Bush and Quayle claim that its inefficiencies and skyrocketing costs are impinging negatively on the economy. They claim(with unbuttressed statistics) that Americans spend more than $80 billion a year on direct litigation costs and $300 billion in indirect costs, which include the expense of avoiding liability.

Suggestions for reform include the attachment of specific dollar amounts to jury awards, the curtailing of punitive damages and the adoption of the English rule (by which the losing party pays all costs).

In the zeal for institutional reform, two major issues remain unaddressed--access to courts and the correct assignation of blame. In an increasingly mobile post-industrial society, there is a ubiquity of harm. The safety nets traditionally provided by family and neighborhood have been diminished to a substantial degree. The sole means of redressing grievances and for establishing a proper standard of care lies with the courts.

Yes, juries may occasionally award large sums of money to grievously injured, sympathetic plaintiffs. But what about the thousands of victims who sue and receive nothing? If anything, the U.S. needs to liberalize access to the courts for people with legitimate grievances. Access to justice is a fundamental part of any democracy. Inequities of access may be counteracted by the contingency fee system (by which a lawyer receives compensation only from a jury's reward--not from a losing plaintiff) and by the utilization of lawyers who do pro bono work (free legal service).

Pro bono responsibilities, in fact, are acknowledged as being important and are formally codified in the American Bar Association's Rules of Professional Conduct.
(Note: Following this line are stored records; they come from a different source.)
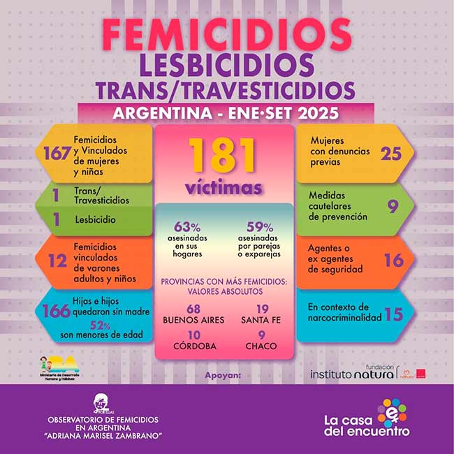 Desde el 1° de enero al 30 de septiembre de 2025, se produjeron 167 femicidios y vinculados de mujeres y niñas, 1 lesbicidio, 1 transfemicidio y 12 femicidios vinculados de varones adultos y niños, según un nuevo informe del Observatorio de Femicidios en Argentina “Adriana Marisel Zambrano” que dirige La Casa del Encuentro.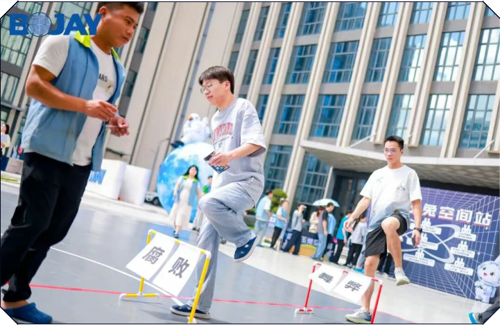 赛道上设置了“腐败”和“舞弊”的模拟障碍,参与者需灵活跨越才能抵达终点。跨过障碍,才能走上正道,简单的游戏也道破了廉洁从业无捷径,坚守底线是坦途的深意。 活动精彩瞬间 通过趣味十足的游园活动,让大家在欢声笑语中潜移默化领会了廉洁的重要性,自然而然地将廉洁准则融入到日常工作中。 此外,廉洁小游戏还准备了丰富的小奖品,让员工们在收获廉洁新认知的同时,也切实感受到公司的暖心关怀与正向鼓励。 廉洁IP征名 为廉代言,一“名”惊人 形象介绍 廉洁IP形象整体为科技感机器人造型,核心设计包含三大廉洁符号。 其一,手持绿色 “廉洁盾牌”,直观传递守护寓意。 其二,胸前 “廉洁指数仪表盘”,指针满格指向绿色区域,代表诚信度100%。 其三,头盔顶部设“红、黄、绿三色警示灯”,分别对应 “廉洁警诫”、“风险提示”、“合规达标” 状态,赋予了形象动态文化表达功能。 廉洁IP征名 本次廉洁活动月特别发起了廉洁IP征名活动,以大家的鲜活创意为廉洁文化注入新活力。 大家脑洞迸发、巧思云集,纷纷为可爱的廉洁IP形象投递专属命名:廉BoBo、廉小杰、博洁君等一个个充满创意的名字,既贴合博杰特色,又传递廉洁理念。 经过线上投票和线下评审团综合评选,最终“廉BoBo”脱颖而出。廉为姓,寓意廉洁,BoBo为博杰英文Bojay的前两位。廉BoBo既与博杰形成谐音呼应,又自带萌感,成为集体认可度最高的选择。 未来,这个凝聚着集体智慧的IP形象,将成为博杰廉洁文化传播的重要使者,持续为博杰的廉洁生态注入新力量。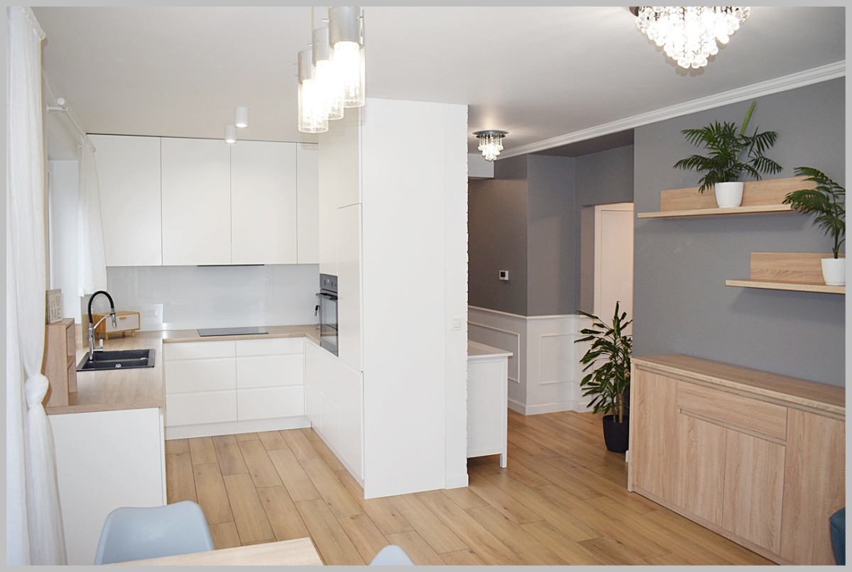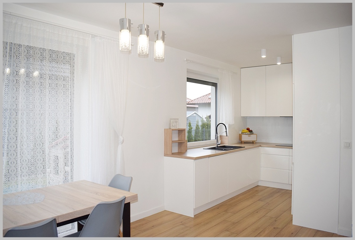 Kuchnia zabudowana wraz ze sprzętem AGD: piekarnik elektryczny, płyta grzewcza indukcyjna- ELECTROLUX, lodówko-zamrażarka – SAMSUNG, zmywarka- SIEMENS, okap.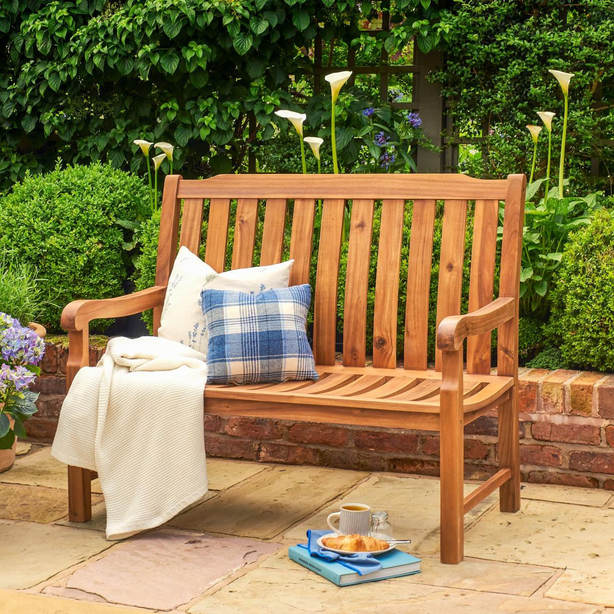 I love the Beeley small outdoor bench for its classic slatted design and versatile size, making it perfect for cosy garden corners or small patios. It works beautifully in traditional or cottage-style gardens but can also complement a modern setting when paired with cushions and throws in contemporary fabrics. Practical styling tips include layering it with outdoor cushions to add comfort and colour, or pairing it with potted plants and lanterns for a relaxed, inviting vibe. This bench is a great addition to outdoor spaces where durability meets simplicity, allowing it to blend seamlessly into various garden aesthetics while providing a functional and charming seating spot.

The practice of law is a demanding and honorable profession. It offers challenging opportunities in a wide range of substantive areas. It attracts a talented, diverse group of people. Each profession has its misfits, and the law is no exception. But the actions of some should not taint all.

Navigating the complexities of modern life often requires the expert guidance of lawyer. Admittedly, there is a need for some cost-sensitive alternatives to resolving disputes. We should, however, step back from the divisive rhetoric and examine the facts.
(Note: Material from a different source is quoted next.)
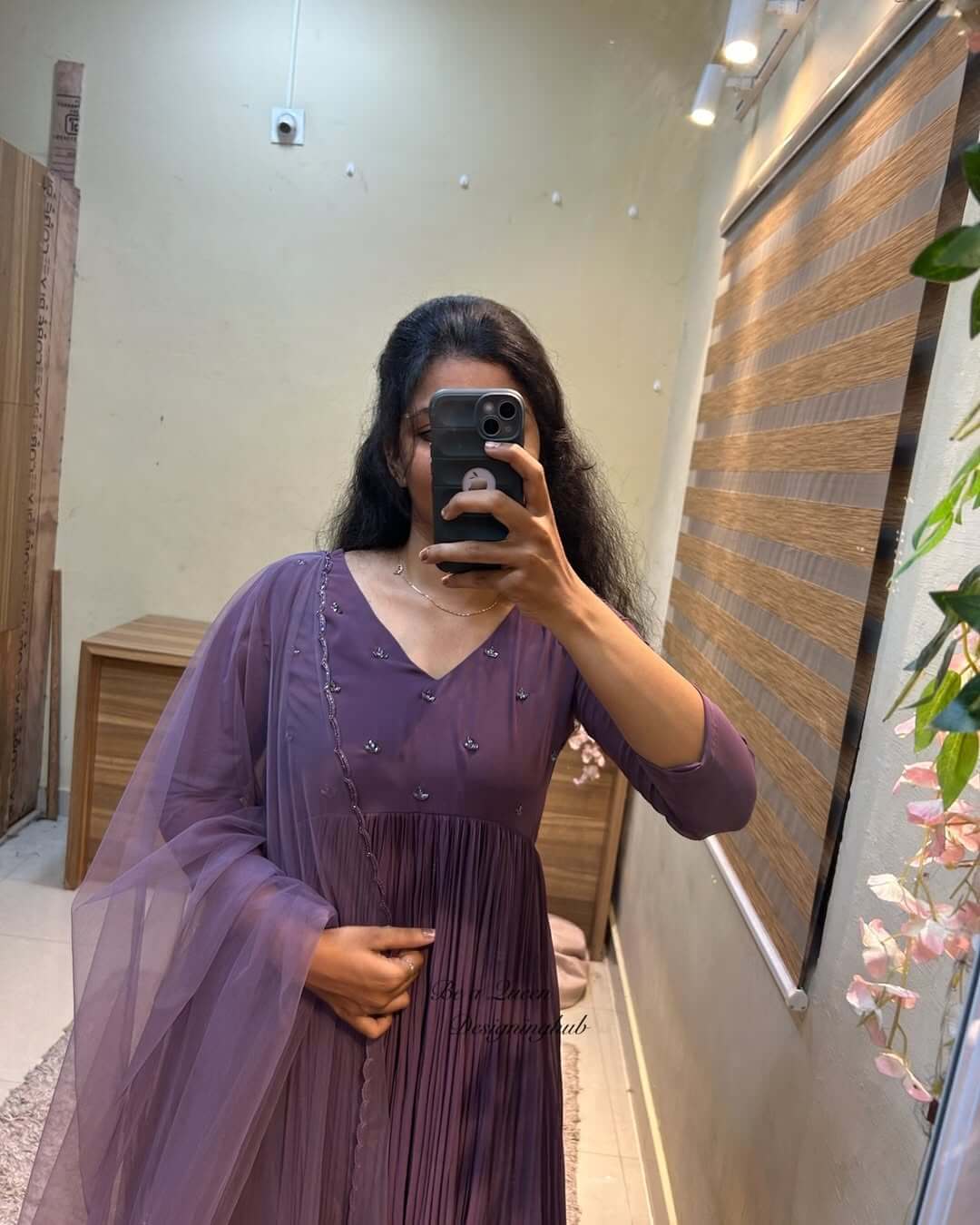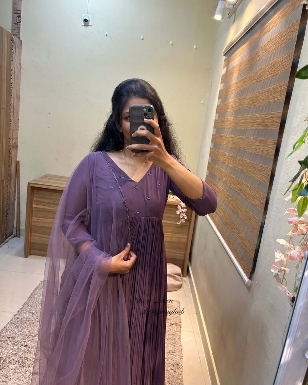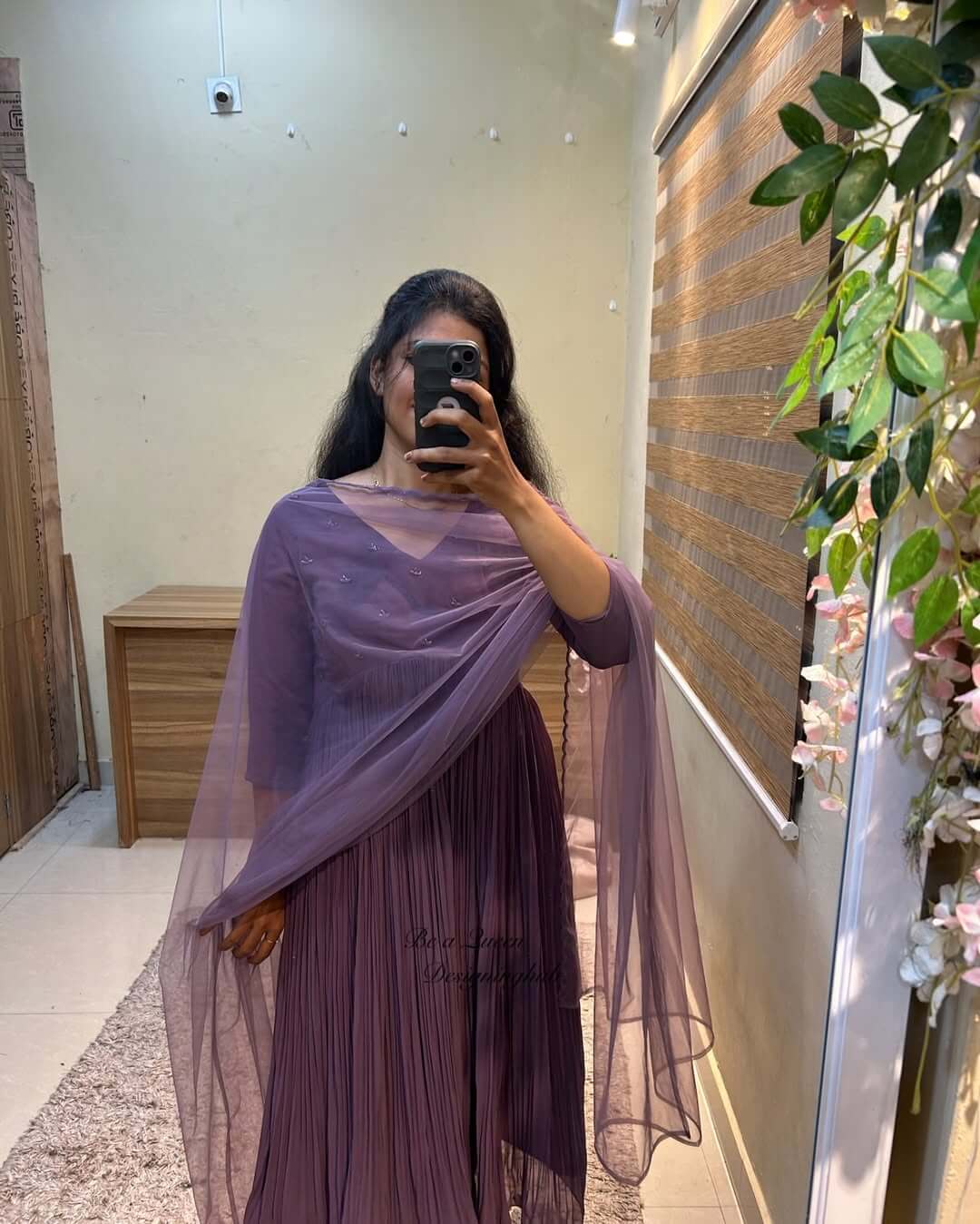 🌸Handworked Alia cut kurti with dupatta in lavender

And finally, we need to stop misquoting Shakespeare. Yes, he did write "First thing we do, let's kill all the lawyers." But this exhortation, when read in context, reveals that Shakespeare actually wrote this as a defense of lawyers, whom he thought defended society against tyranny and widespread anarchy.

Lorraine A. Lezama, a contributing writer for the Opinion page, plans to join the ranks of the despised profession. She's been reading a lot of de Tocqueville lately.